Directions for this task — The expected output is an exact copy of the lines from the one containing "El aire dentro" through the final line of the entries below, with no images.

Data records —

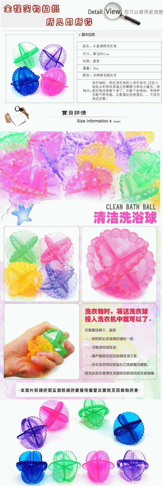 Bola unik ini dirancang untuk membantu Anda membersihkan baju selama proses laundry di dalam mesin cuci. Cara pemakaiannya cukup masukkan beberapa bola ke dalam mesin cuci bersama pakaian. Selama proses pencucian, bola ini akan membantu "menggosok" pakaian Anda sehingga lebih bersih. Di samping itu, bola ini akan membuka ruang lebih besar di antara pakaian sehingga proses pengeringan di dalam mesin cuci berjalan lebih cepat. Bahan bola dari sejenis karet yang tidak akan merusak pakaian Anda.
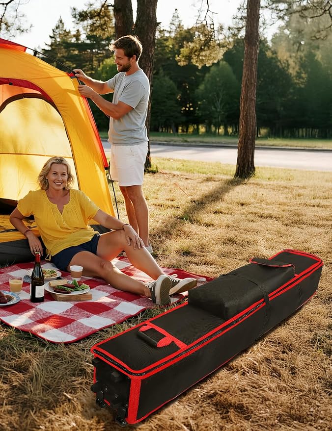 - 【Smooth Rolling Wheels for Easy Transport】Equipped with sturdy 360° wheels and a reinforced bottom stand, this wheeled carrying case allows effortless mobility on sidewalks, campsites, or event venues
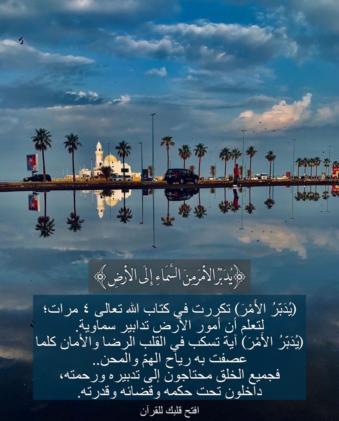 (يُدَبِّرُ الْأَمْرَ) تكررت في كتاب الله تعالى ﴿٤﴾ مرات؛ لتعلم أن أمور الأرض تدابير سماوية.
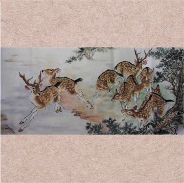 李光新《八鹿图》 136X68cm |
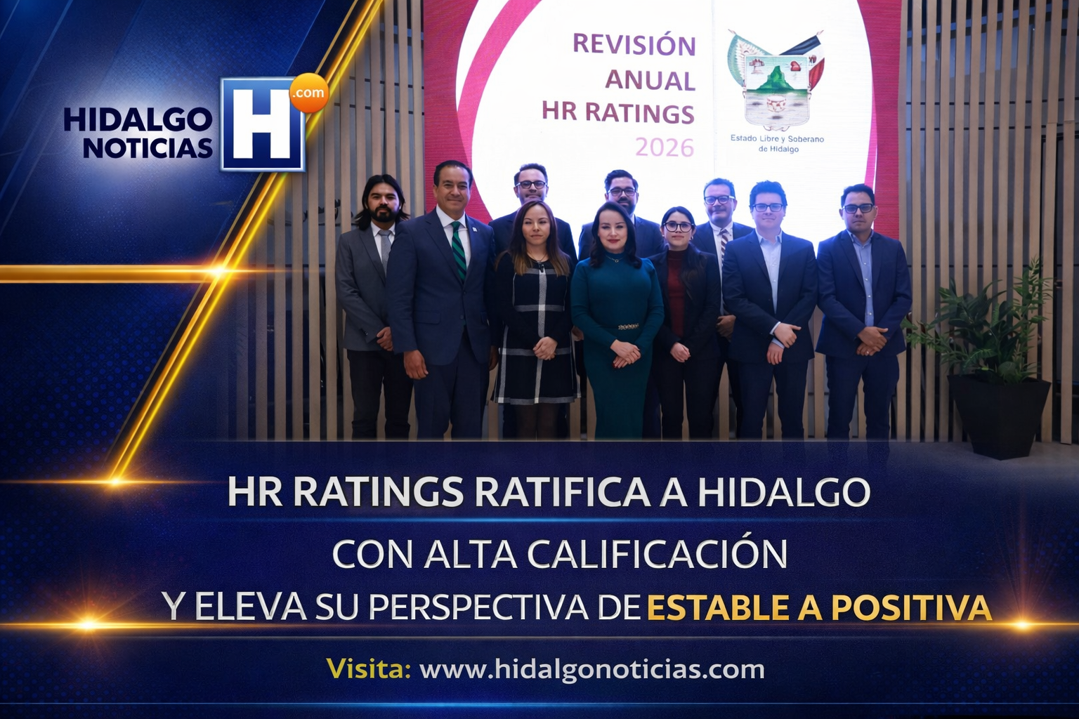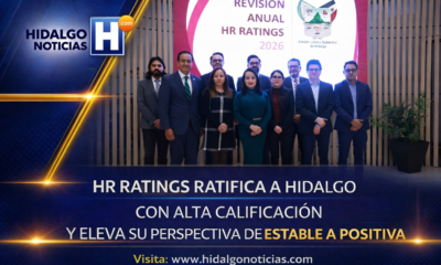 Pachuca, Hidalgo.— El estado de Hidalgo obtuvo la ratificación de su calificación crediticia en nivel HR AA+, además de mejorar su perspectiva de “estable” a “positiva”, resultado de las políticas públicas orientadas a fortalecer las finanzas estatales y la inversión en los municipios.
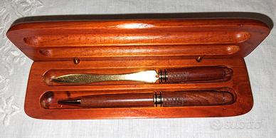 3-Penna a sfera e tagliacarte Niji Italiana. Esclusiva scatola in legno d'ulivo di alta qualità con angoli arrotondati e speciale finitura (17,6 x 5,5 cm). 100% legno d'ulivo, fatta a mano, venatura unica, prodotto in Italia.
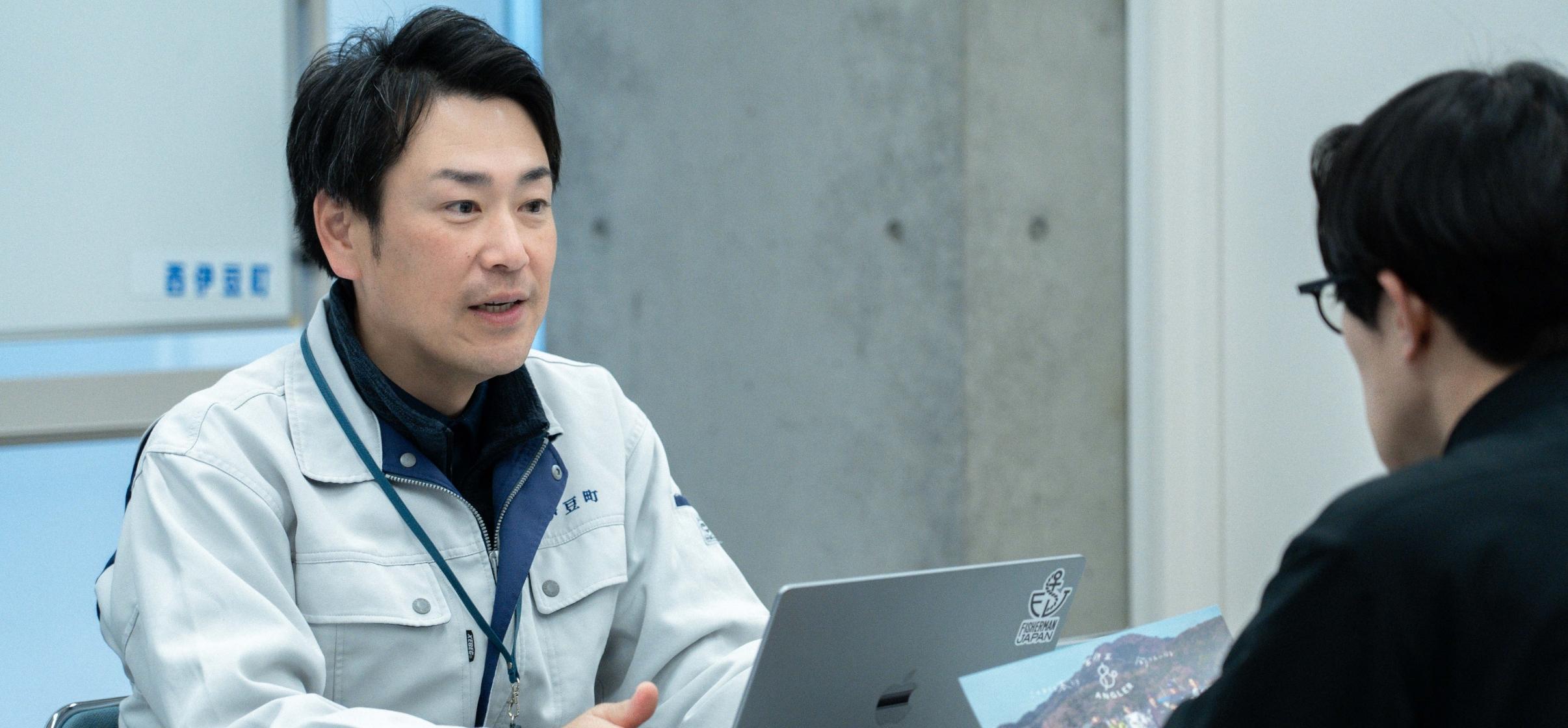 産業建設課農林水産係西伊豆町生まれ、海育ち。役場職員の他、漁師、魚屋と三足のわらじを履く。2004年に入庁し、企画、観光、商工、人事などを経て現在は海業振興を担当。観光地の中心地における産地直売所「はんばた市場」の立ち上げ、電子地域通貨「サンセットコイン」の導入や、「ツッテ西伊豆」の仕組み構築、 「海釣りGO!!」の立ち上げに携わる。小さな町ならではのスピード感を活かし、民間事業者と連携して地域課題解決に取り組んでいる。
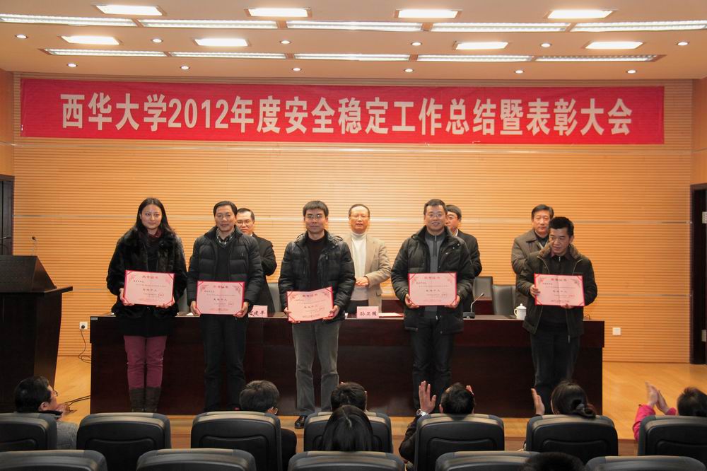 1月16日下午,我校在行政楼一楼报告厅举行了2012年学校安全稳定工作总结暨表彰大会,回顾总结2012年度校园安全稳定工作,部署学校近一段时间的安全稳定工作,表彰一批维护校园安全稳定先进集体和先进个人。校长孙卫国,校党委副书记王小林,副校长何建平、乔哲青、王政书,机关职能部门、业务部门、人南校区管委会负责人,各学院党政主要负责人,受表彰的先进集体代表和先进个人出席会议。会议由副校长王政书主持。 会上,校党委副书记王小林作2012年学校安全稳定工作报告。他在报告中对学校过去一年中取得的成绩与存在的问题作了全面回顾和总结,并对做好寒假及春节期间的学校安全稳定工作进行了部署。 王小林副书记指出,学校高度重视安全稳定工作,一年来,学校全面落实中央和省市有关部门关于维护稳定的各项决策部署,按照构建“平安校园、和谐校园”的目标,以“以人为本,安全第一”为理念,不断增强责任意识,进一步健全组织机构,完善安全稳定工作运行机制,以落实隐患排查整改为抓手,不断强化安全教育宣传,营造了安全稳定工作群防群治工作格局,各学院、各部门协调配合,恪尽职守,全力以赴,抓稳定、保安全、促发展,为党的十八大胜利召开创造了安全稳定的校园环境,学校安全稳定工作取得了可喜的成绩。2012年,学校实现了无重大群体性事件、无重大安全责任事件、无影响学校和社会稳定事件,未发生校园交通安全事故、食品中毒事件、学生伤害致死事件,无失密泄密事件发生、无火灾、无涉毒案件等事件发生,为学校营造了平安、稳定、和谐的校园环境,确保了正常的教学、科研、工作和生活秩序,保证了校园安全稳定,受到上级主管部门的好评与表彰。在总结工作、肯定成绩的同时,王小林副书记指出了学校安全稳定工作存在的不足和问题,剖析了原因,并就今后一段时期的校园安全稳定工作作了安排部署。 在会上,乔哲青副校长宣读了《西华大学关于表彰2012年度安全稳定工作先进集体、先进个人的决定》(西华委发〔2013〕4号),应用技术学院等9个单位获“2012年度安全稳定工作先进集体”称号,党国华等32名教职工获“2012年度安全稳定工作先进个人”称号。在主席台就座的学校领导为获得2012年度安全稳定工作先进集体和先进个人颁了奖。 随后,应用技术学院院长杨燕翔作为获奖单位代表、后勤服务总公司副总经理李勇作为先进个人代表分别在会上作了发言,介绍了各自单位的安全稳定工作具体做法和采取的主要措施。 最后,孙校长作大会总结讲话。他指出,2012年,学校在安全稳定工作中处置得当、工作得力,一年中学校没有重大的火灾案件、恶性刑事事件、重大安全事故的发生,确保了各项工作的顺利开展。对下一步学校的安全稳定工作,孙校长提出了三点要求:一要牢固树立“安全稳定工作无小事”和“稳定压倒一切”的意识,全员抓稳定,全员抓安全,不能有丝毫的松懈;二要进一步完善机制,明确责任,关注小事,狠抓落实。进一步树立服务意识,关切师生合理诉求,注意工作方式方法;三要做好应急方案的制定与演练,全面提升学校应对突发事件的处置能力。希望全校师生向先进集体及个人学习,高度重视学校的安全稳定工作,努力把学校的安全稳定工作做得更好。
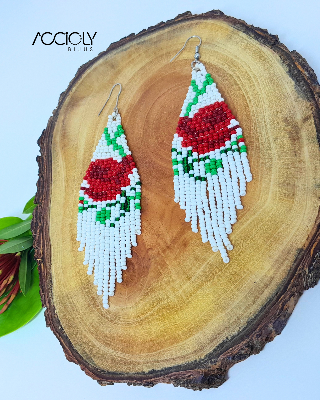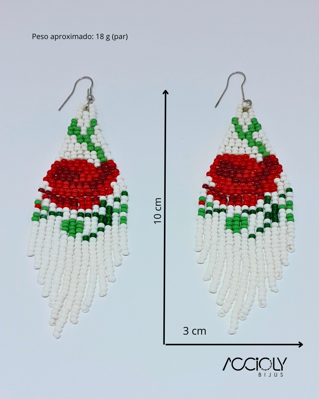 Este brinco destaca uma flor em contraste com tons de verde, criando uma combinação que remete à tranquilidade dos jardins floridos, ao mesmo tempo em que mostra a personalidade forte representada na flor vermelha.
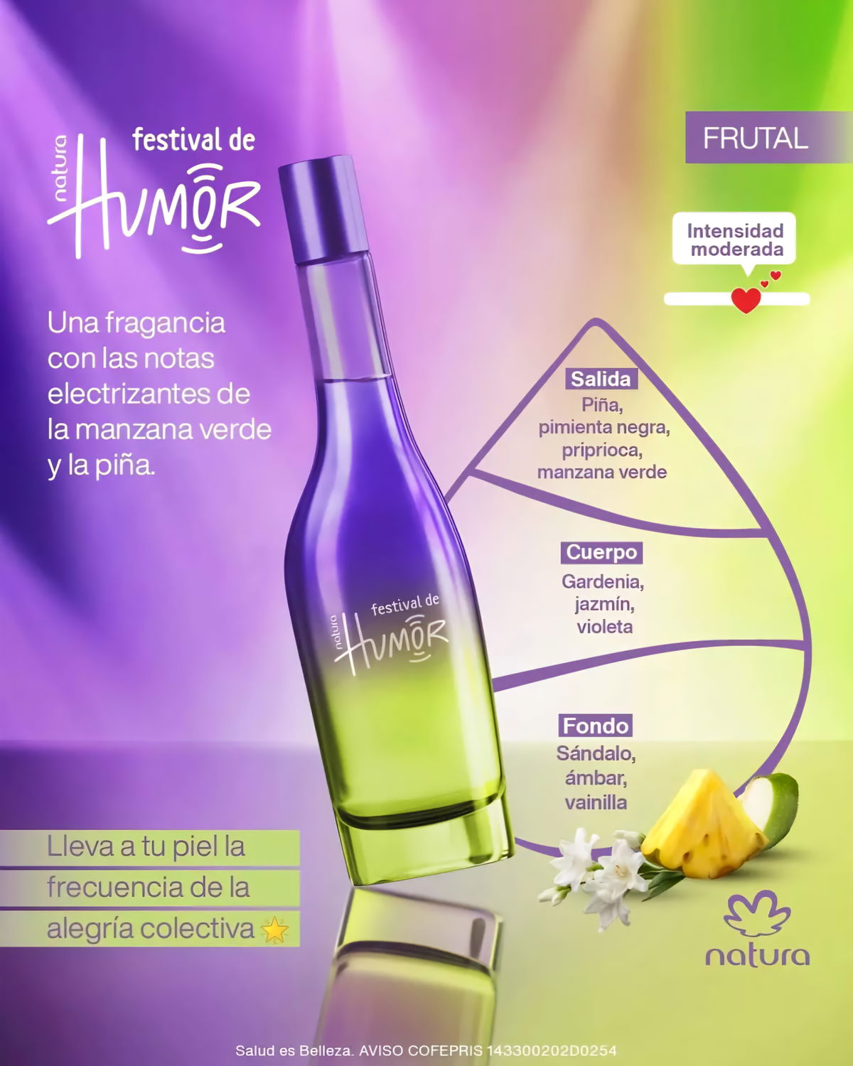 Una fragancia que vibra con la alegría colectiva, inspirada en la energía contagiosa de los festivales. Con notas chispeantes de manzana verde y piña, se mezcla con un corazón floral y una base cálida de sándalo, ámbar y vainilla. Creada con tecnología exclusiva de Natura que capta moléculas del aire durante los festivales y las transforma en un acorde olfativo único.
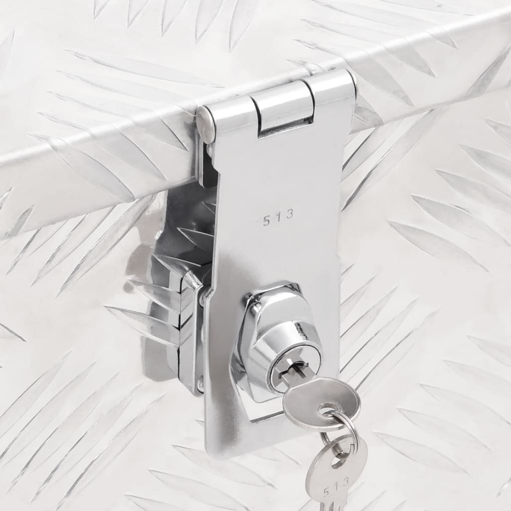 Diese Allzweck-Aufbewahrungsbox aus Aluminium ist die ideale Wahl für Verpackung, Lagerung und Transport. Rostfreies Aluminium: Die Box besteht aus gewelltem Aluminiumblech und ist dadurch rostfrei und langlebig.Geräumiger Innenraum: Der Werkzeugkasten verfügt über einen geräumigen Innenraum zur Aufbewahrung von Werkzeugen, Zubehör und anderen Geräten und Werkzeugen.Verschlusssystem: Der Aufbewahrungskoffer ist mit einem Verschlusssystem ausgestattet, was für zusätzliche Sicherheit sorgt.Praktischer Griff: Dank des praktischen Griffs lässt sich die Box bequem überall mitnehmen.Kompaktes Design: Dank des leichten und kompakten Designs kannst du die Aluminiumbox in deinem Fahrzeug und in der Garage aufbewahren oder auf deinen nächsten Campingausflug mitnehmen.
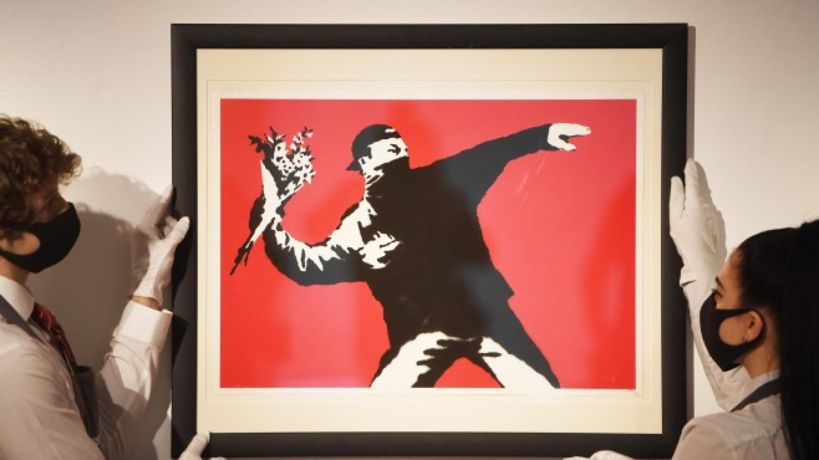 Банкси, чието истинско име все още не е известно, е високо оценяван в целия свят заради своите остри, социално критични коментари. За произведението „Любовта е във въздуха“, което сега излиза на търг, той създава уличен боец в стил графити, който полумаскиран се протяга назад, за да хвърли експлозив или камък в противоположната посока. Но вместо оръжие, художникът пъха в юмрука на демонстранта ръчно рисуван букет цветя.
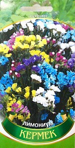 Лимониум "Кермек" - это однолетник высотой 50-60 см. Цветет с июня по сентябрь. Цветки собраны в щитковидные соцветия длиной до 10-12 см. Окраска цветков очень разнообразна - оранжевая, темно-синяя, желтая, белая, розовая. Предпочитает открытые участки с легкой водопроницаемой, удобренной почвой. Выращивают рассадным способом. Семена высевают в апреле. Растения высаживают на постоянное место в начале июня. Используют для посадки на клумбах и в группах, на срезку для живых и сухих букетов. Интенсивность окраски в сухом букете кермек сохраняет несколько лет.
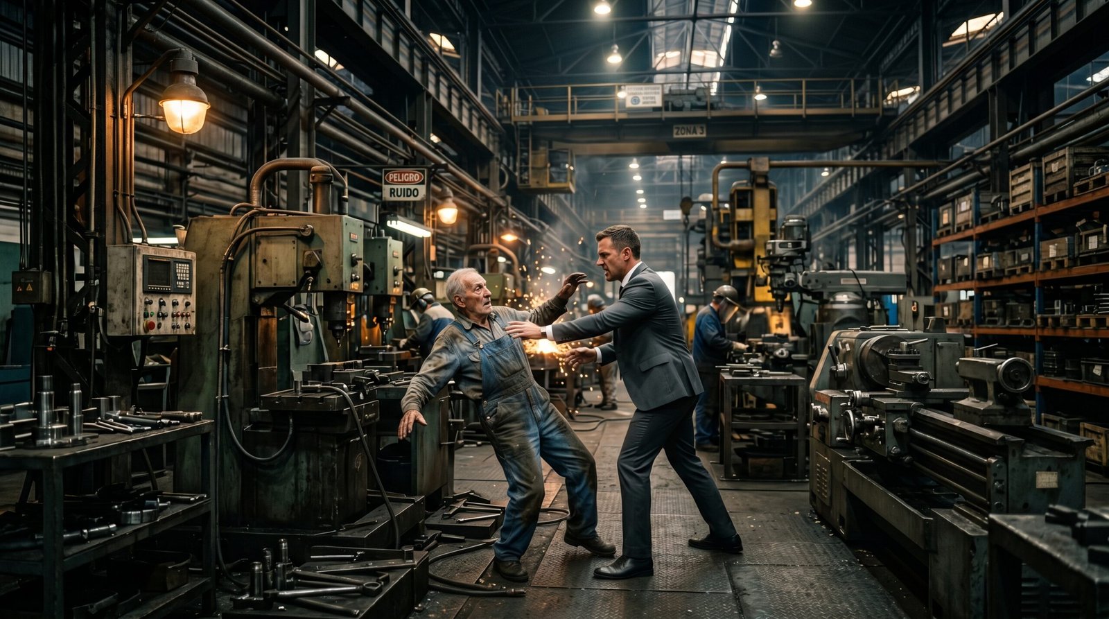 El aire dentro de la planta era denso, cargado de partículas de hierro y el calor sofocante de los hornos. El director se paseaba por los pasillos con su casco blanco impecable, sintiéndose el dueño de cada tornillo. Su rostro, perfectamente limpio y rasurado, mostraba una mueca de asco cada vez que se cruzaba con los operarios veteranos. Para él, la experiencia no era más que lentitud que afectaba sus bonos de producción.
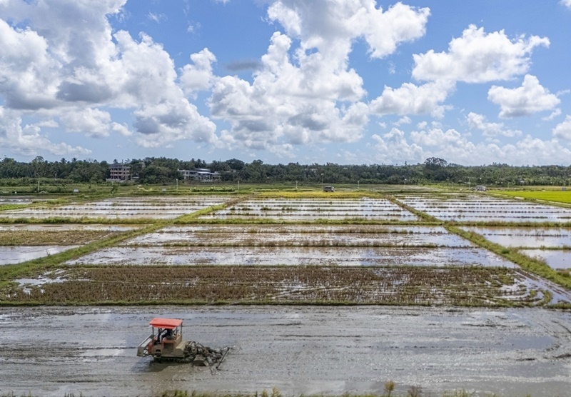9月4日,海南省瓊海市農機手在龍壽洋田野公園耕作(無人機照片)。
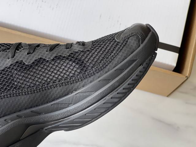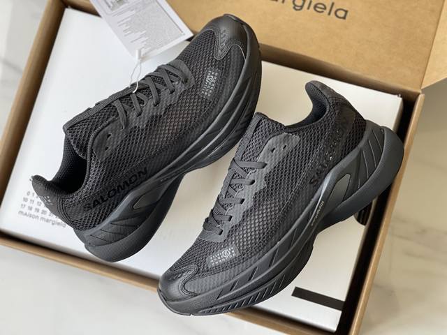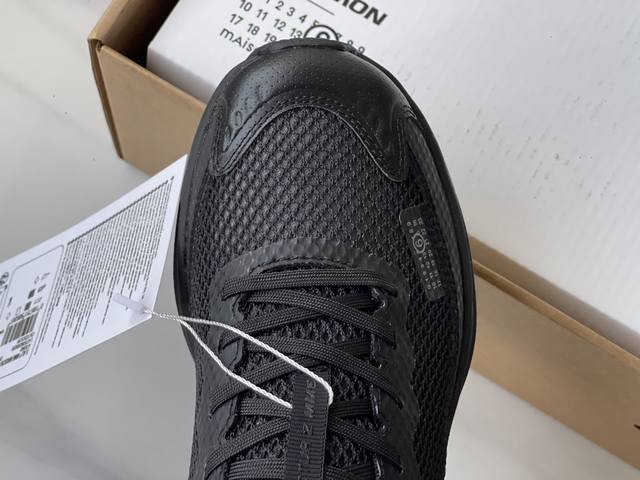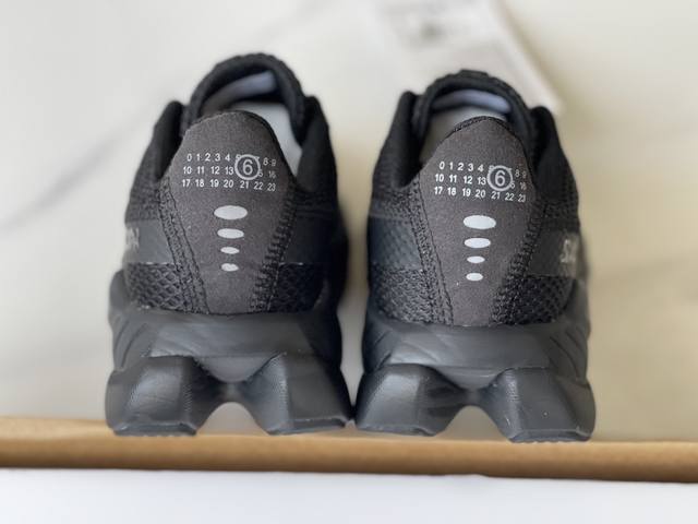 诠释Mm6的前卫美学,鞋面采用大孔网眼材质搭配同色系压胶与裁片,鞋侧有双方品牌标识,搭载全长碳纤维板 Energy Blade与Energy Foam缓震系统,后掌加厚加宽,兼具推进力、缓震回弹与稳定性。
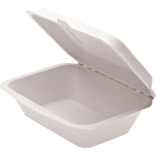 Contenitore per alimenti con coperchio incernierato. Resiste a una temperatura massima di 70 °C. Realizzato in polpa di cellulosa.
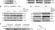 Full-length USP21 cDNA (Addgene) was PCR-amplified and subcloned into pCMV-HA or GFP-C1 vectors to generate the various constructs. The USP21 catalytic dead C221A mutation was introduced by PCR and confirmed by DNA sequencing. Myc-USP21 constructs were a kind gift from B. Li57. BRCA2 fragments B6–B9 were PCR-amplified from GFP-BRCA2 fragments kindly provided by H. Lee43 and subcloned into p3XFlag-CMV-10 vector. Full-length Flag-BRCA2 was kindly provided by A. Venkitaraman44. Guide RNAs were inserted into the Cas9-T2A-puromycin-containing pX459 expression vector59, see Supplementary Table 2 for guide RNA sequences.

Task answer —
 El aire dentro de la planta era denso, cargado de partículas de hierro y el calor sofocante de los hornos. El director se paseaba por los pasillos con su casco blanco impecable, sintiéndose el dueño de cada tornillo. Su rostro, perfectamente limpio y rasurado, mostraba una mueca de asco cada vez que se cruzaba con los operarios veteranos. Para él, la experiencia no era más que lentitud que afectaba sus bonos de producción.
9月4日,海南省瓊海市農機手在龍壽洋田野公園耕作(無人機照片)。
 诠释Mm6的前卫美学,鞋面采用大孔网眼材质搭配同色系压胶与裁片,鞋侧有双方品牌标识,搭载全长碳纤维板 Energy Blade与Energy Foam缓震系统,后掌加厚加宽,兼具推进力、缓震回弹与稳定性。
 Contenitore per alimenti con coperchio incernierato. Resiste a una temperatura massima di 70 °C. Realizzato in polpa di cellulosa.
 Full-length USP21 cDNA (Addgene) was PCR-amplified and subcloned into pCMV-HA or GFP-C1 vectors to generate the various constructs. The USP21 catalytic dead C221A mutation was introduced by PCR and confirmed by DNA sequencing. Myc-USP21 constructs were a kind gift from B. Li57. BRCA2 fragments B6–B9 were PCR-amplified from GFP-BRCA2 fragments kindly provided by H. Lee43 and subcloned into p3XFlag-CMV-10 vector. Full-length Flag-BRCA2 was kindly provided by A. Venkitaraman44. Guide RNAs were inserted into the Cas9-T2A-puromycin-containing pX459 expression vector59, see Supplementary Table 2 for guide RNA sequences.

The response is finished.